Problem requirements: Without the images, output every record exactly as it appears.

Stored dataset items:

Start of Block

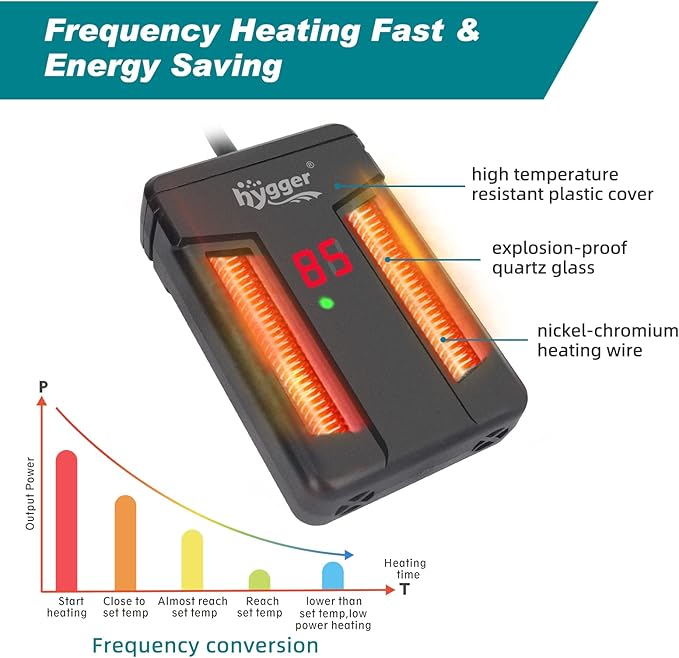- 🐠SAFE AND ANTI-BURN: The nickel-chromium heating wire materials has higher thermal energy efficiency, and then conducts heat through silicon carbide material, which effectively utilizes electrical energy to convert into thermal energy, with long service life and uniform heating, with quartz glass material, safe explosion-proof and anti-burn. The exterior high tempe resistant plastic cover, not easy to deform
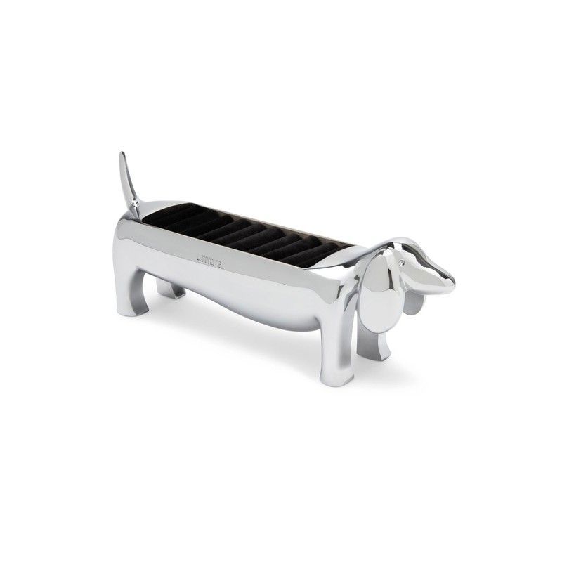 Organizador de anillos en forma de perro salchicha con acabado cromado brillante, ideal para decorar tu tocador o mesita de noche. Fabricado en acero inoxidable de alta calidad, cuenta con ranuras internas negras para mantener tus anillos ordenados y a la vista. Un accesorio funcional y divertido que combina estilo y utilidad para amantes de los pe
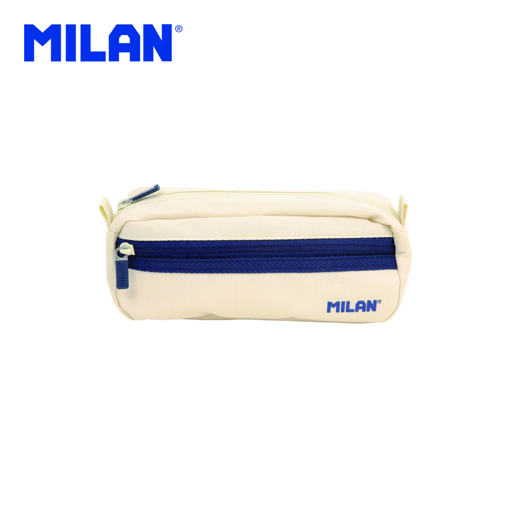 2-zippers rectangular beige pencil case. 430 since 1918 Collection, inspired by the original colours and design of MILAN erasers, manufactured in Spain since 1918. With a small inner front pocket and a large main compartment.
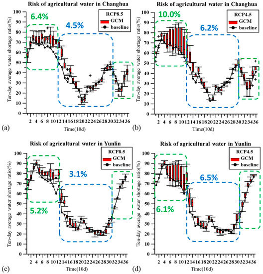 Water shortage ratio (R) of the irrigation water in Changhua under RCP 8.5 (a) and RCP4.5 (b) and in Yunlin under RCP 8.5 (c) and RCP4.5 (d).
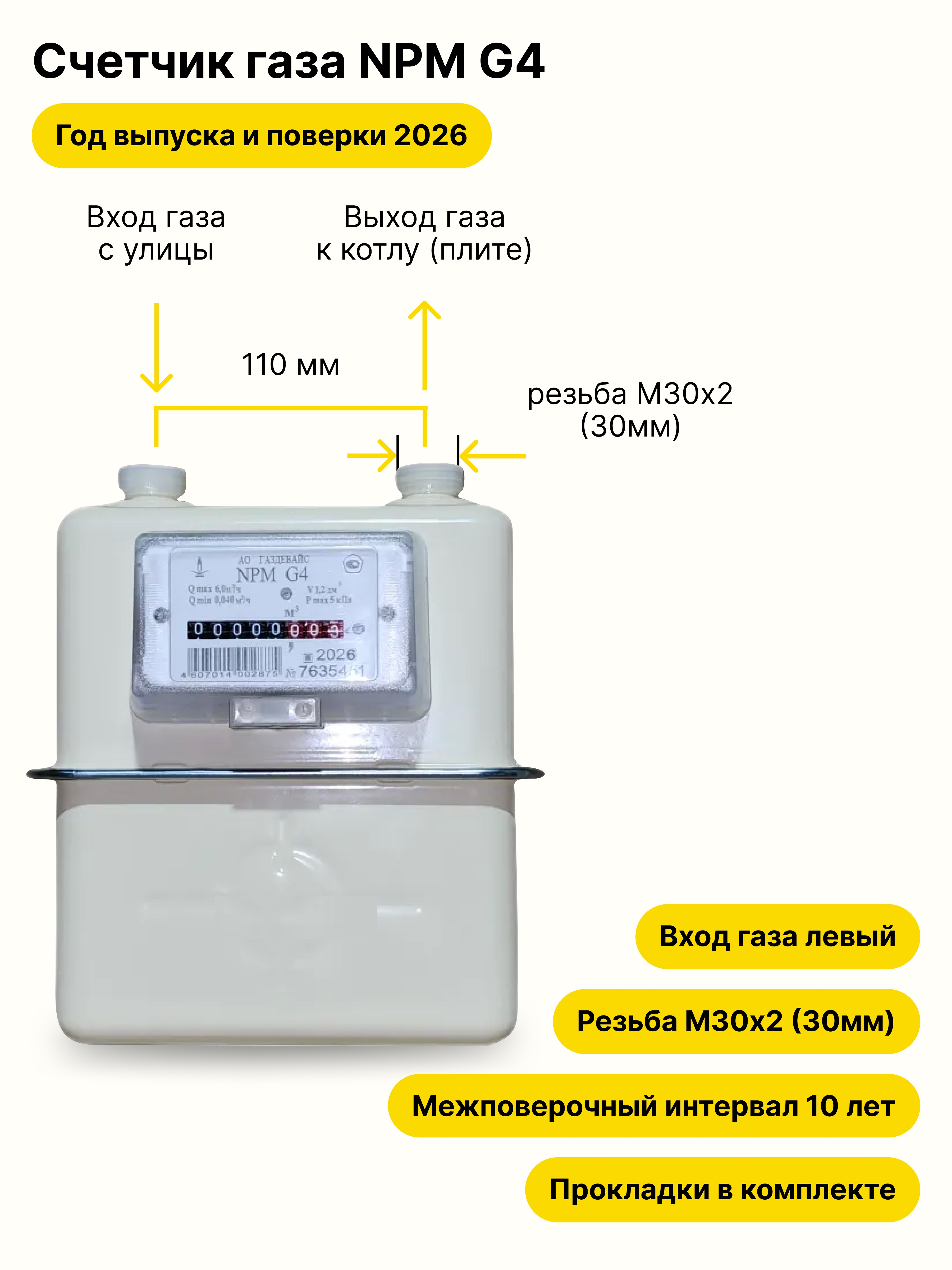 Ключевые особенности счетчика газа NPM-G4 левый, вход М30 х 2, 2026 года выпуска.

End of Block

Written response:
- 🐠SAFE AND ANTI-BURN: The nickel-chromium heating wire materials has higher thermal energy efficiency, and then conducts heat through silicon carbide material, which effectively utilizes electrical energy to convert into thermal energy, with long service life and uniform heating, with quartz glass material, safe explosion-proof and anti-burn. The exterior high tempe resistant plastic cover, not easy to deform
 Organizador de anillos en forma de perro salchicha con acabado cromado brillante, ideal para decorar tu tocador o mesita de noche. Fabricado en acero inoxidable de alta calidad, cuenta con ranuras internas negras para mantener tus anillos ordenados y a la vista. Un accesorio funcional y divertido que combina estilo y utilidad para amantes de los pe
 2-zippers rectangular beige pencil case. 430 since 1918 Collection, inspired by the original colours and design of MILAN erasers, manufactured in Spain since 1918. With a small inner front pocket and a large main compartment.
 Water shortage ratio (R) of the irrigation water in Changhua under RCP 8.5 (a) and RCP4.5 (b) and in Yunlin under RCP 8.5 (c) and RCP4.5 (d).
 Ключевые особенности счетчика газа NPM-G4 левый, вход М30 х 2, 2026 года выпуска.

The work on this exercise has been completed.